The ETF cares only for companies with an outstanding issue size greater than $500.0 million. This will ensure that if the time came to liquidate the position, it would not be too difficult to do so. This will also lower the risk of owning companies that have a smaller overall market cap, which is common for higher-risk investments.
CWB ETF is a well-diversified investment with more than 90 positions held, with no one position having more than a 10% weighting of capital. Also, to add to the diversification, the investments are from 10 different countries from around the world, with the U.S. accounting for the largest investments. Some of the top holdings within CWB are Bank of America Corp (NYSE:BAC), Wells Fargo & Co (NYSE:WFC), and Intel Corporation (NASDAQ:INTC).
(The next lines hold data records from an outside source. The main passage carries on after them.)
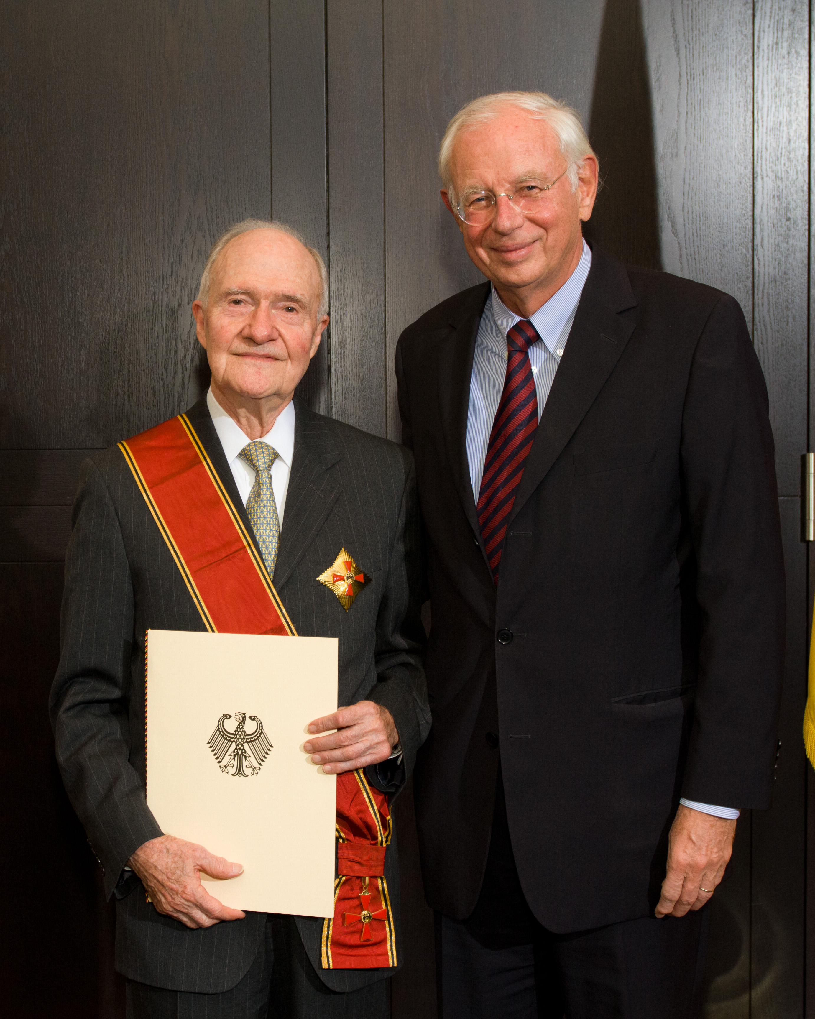 Former National Security Advicer Ltd. General Brent Scowcroft with the german Ambassador Klaus Scharioth in his residency in Washington D.C. after receiving the Order of Merit of the Federal Republic of Germany.
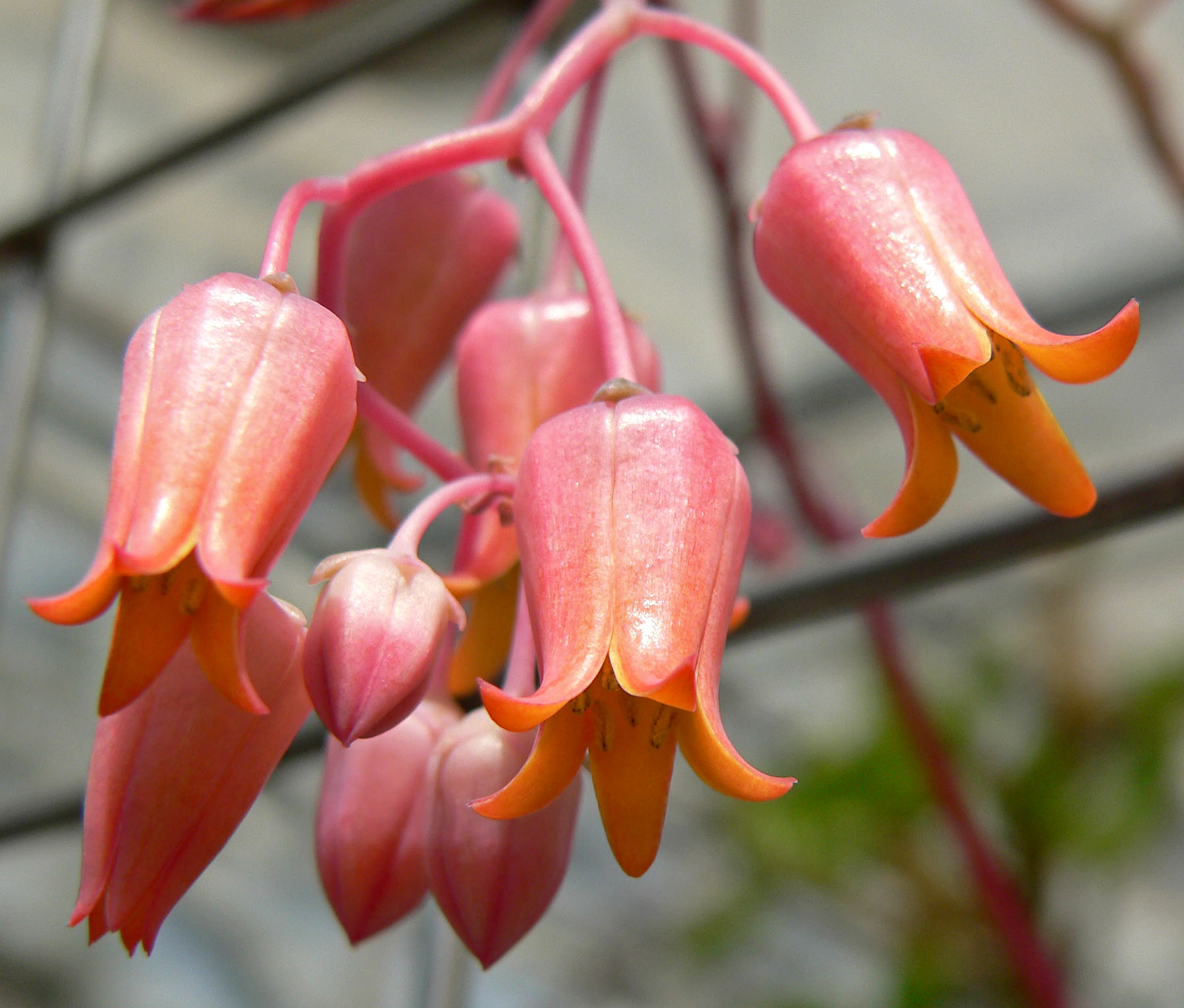 Echeveria lilacina at the University of California Botanical Garden, Berkeley, California
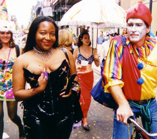 Revelers with Society of St. Anne, French Quarter, Mardi Gras Day, 1999. Photo by Infrogmation of New Orleans Previously uploaded by me to Wikipedia on 14 February, 2004.
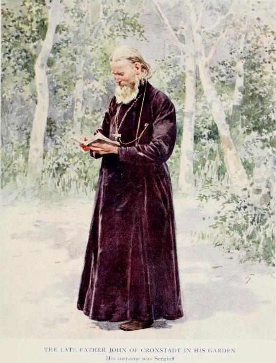 The late Father John of Cronstadt in his garden. Painted by Frédéric de Haenen
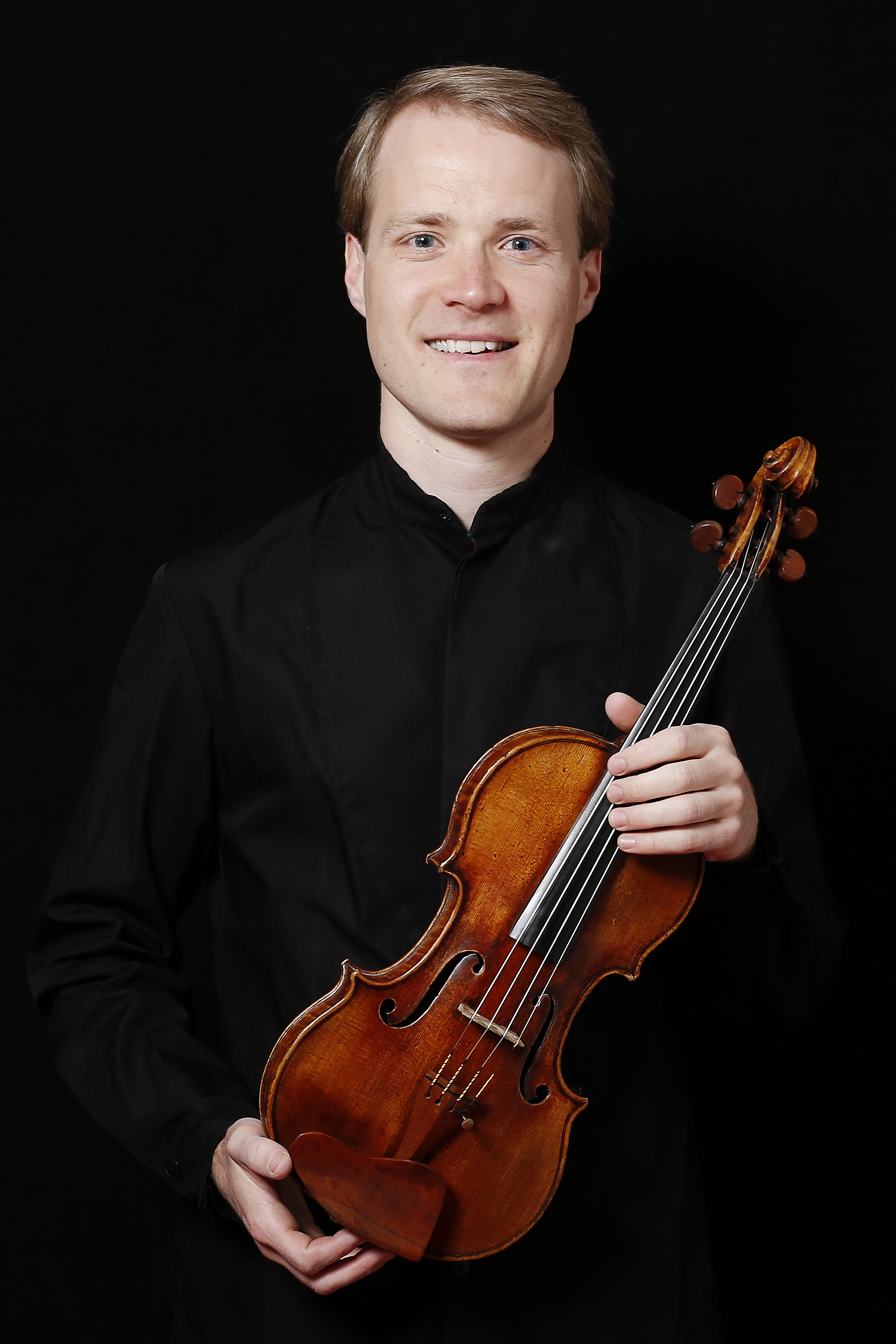 Christoph Koncz. FESTIVAL DE PAQUES 2019. AIX EN PROVENCE. PHOTO CAROLINE DOUTRE
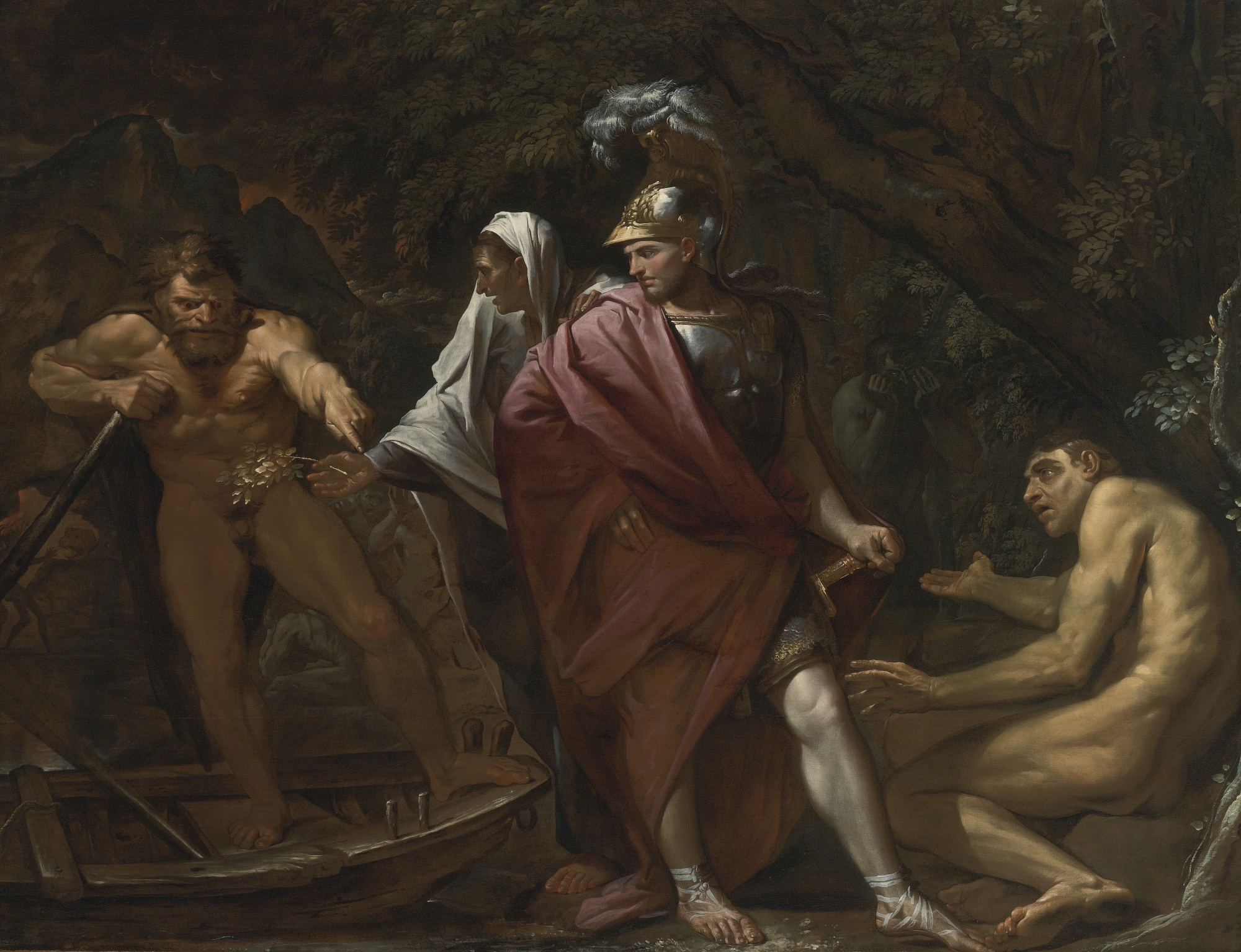 Aenas on the Bank of the River Styx

There is a dividend that is in place that is paid out on a monthly basis. Overtime the trend has been a growing dividend that has been paid out.
2. iShares Convertible Bond ETF
iShares Convertible Bond ETF (BATS:ICVT) tracks the investment results seen from the Bloomberg Barclays U.S. Convertible Cash Pay Bond >$250 Million Index. The fund ensures at all times that at least 90% of the assets are invested in the underlying index. The remaining capital is invested in futures, options, swap contracts, cash, and cash equivalent investments.
Within the fund are more than 200 holdings, primarily in the technology, consumer cyclical and consumer staples sectors; these account for more than 70% of the investments within the ETF. Some of the companies that would represent these top sectors are Tesla Inc (NASDAQ:TSLA), Priceline Group Inc (NASDAQ:PCLN), salesforce.com, Inc. (NYSE:CRM), and Twitter Inc (NYSE:TWTE).
3. First Trust SSI Strategic Convertible Securities ETF
First Trust SSI Strategic Convertible Securities ETF (NASDAQ:FCVT) does not use an underlying benchmark index. Rather, at least 80% of the assets are invested in U.S. and non-U.S. convertible securities. The remainder of the assets are invested in preferred shares and held as cash.
There are investments from 120 companies in 10 different sectors, the top three being technology, healthcare, and financial. No company represents more than three percent. Top holdings include NVIDIA Corporation (NASDAQ:NVDA), T-Mobile US Rg (NASDAQ:TMUS) and Altaba Inc. (NASDAQ:AABA), formerly known as Yahoo Inc.
A steady and consistent dividend that is paid out on a monthly basis.